#### [What you will do]
Print the lines that run from the line with "2022年10月11日20:00,能动教" to the line with "贝贝怡童装春秋新款男童恐龙卡通印花卫衣套装儿童休闲运动2件套", keeping both end lines, exactly as they appear in the entries below, and nothing else.

#### [Exercise data]
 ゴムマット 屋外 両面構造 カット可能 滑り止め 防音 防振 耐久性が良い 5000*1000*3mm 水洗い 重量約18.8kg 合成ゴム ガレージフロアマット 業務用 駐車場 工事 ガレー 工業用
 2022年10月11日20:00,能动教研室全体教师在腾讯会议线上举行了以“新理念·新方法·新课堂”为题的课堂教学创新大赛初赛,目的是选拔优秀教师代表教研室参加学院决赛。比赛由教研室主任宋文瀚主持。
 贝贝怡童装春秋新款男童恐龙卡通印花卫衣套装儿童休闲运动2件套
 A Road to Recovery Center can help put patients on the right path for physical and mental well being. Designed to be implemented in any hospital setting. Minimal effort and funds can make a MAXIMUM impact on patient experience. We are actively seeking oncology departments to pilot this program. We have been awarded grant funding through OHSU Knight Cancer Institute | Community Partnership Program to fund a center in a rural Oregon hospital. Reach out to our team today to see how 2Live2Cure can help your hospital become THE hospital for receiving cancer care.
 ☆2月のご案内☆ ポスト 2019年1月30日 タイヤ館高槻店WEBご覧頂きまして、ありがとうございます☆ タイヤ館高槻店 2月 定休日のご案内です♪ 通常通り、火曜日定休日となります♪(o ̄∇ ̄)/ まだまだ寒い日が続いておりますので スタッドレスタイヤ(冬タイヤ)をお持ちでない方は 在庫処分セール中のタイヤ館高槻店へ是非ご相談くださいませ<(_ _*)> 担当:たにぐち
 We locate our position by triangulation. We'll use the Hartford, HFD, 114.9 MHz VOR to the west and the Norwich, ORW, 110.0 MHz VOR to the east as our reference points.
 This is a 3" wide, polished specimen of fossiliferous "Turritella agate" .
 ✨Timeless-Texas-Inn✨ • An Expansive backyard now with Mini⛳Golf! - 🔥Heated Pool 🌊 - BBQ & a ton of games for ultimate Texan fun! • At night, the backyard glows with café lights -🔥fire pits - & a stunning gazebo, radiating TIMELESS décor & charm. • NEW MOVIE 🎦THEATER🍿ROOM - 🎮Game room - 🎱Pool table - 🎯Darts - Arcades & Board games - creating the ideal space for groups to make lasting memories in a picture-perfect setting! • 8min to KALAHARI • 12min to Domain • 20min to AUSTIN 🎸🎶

---

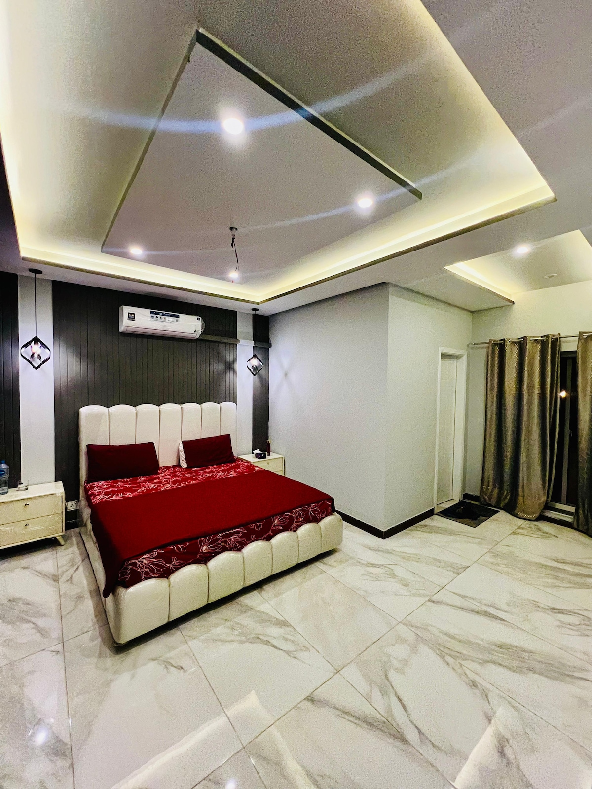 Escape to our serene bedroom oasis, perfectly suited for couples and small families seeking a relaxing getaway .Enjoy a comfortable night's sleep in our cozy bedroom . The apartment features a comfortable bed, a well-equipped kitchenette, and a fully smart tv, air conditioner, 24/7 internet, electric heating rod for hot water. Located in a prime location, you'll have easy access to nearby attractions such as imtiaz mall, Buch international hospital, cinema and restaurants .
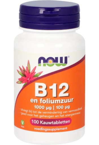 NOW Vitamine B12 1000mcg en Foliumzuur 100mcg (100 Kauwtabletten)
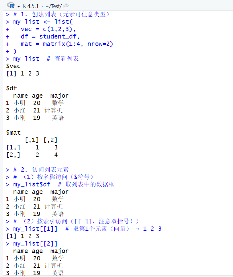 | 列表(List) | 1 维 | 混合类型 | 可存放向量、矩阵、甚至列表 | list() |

#### [Response area]
 2022年10月11日20:00,能动教研室全体教师在腾讯会议线上举行了以“新理念·新方法·新课堂”为题的课堂教学创新大赛初赛,目的是选拔优秀教师代表教研室参加学院决赛。比赛由教研室主任宋文瀚主持。
 贝贝怡童装春秋新款男童恐龙卡通印花卫衣套装儿童休闲运动2件套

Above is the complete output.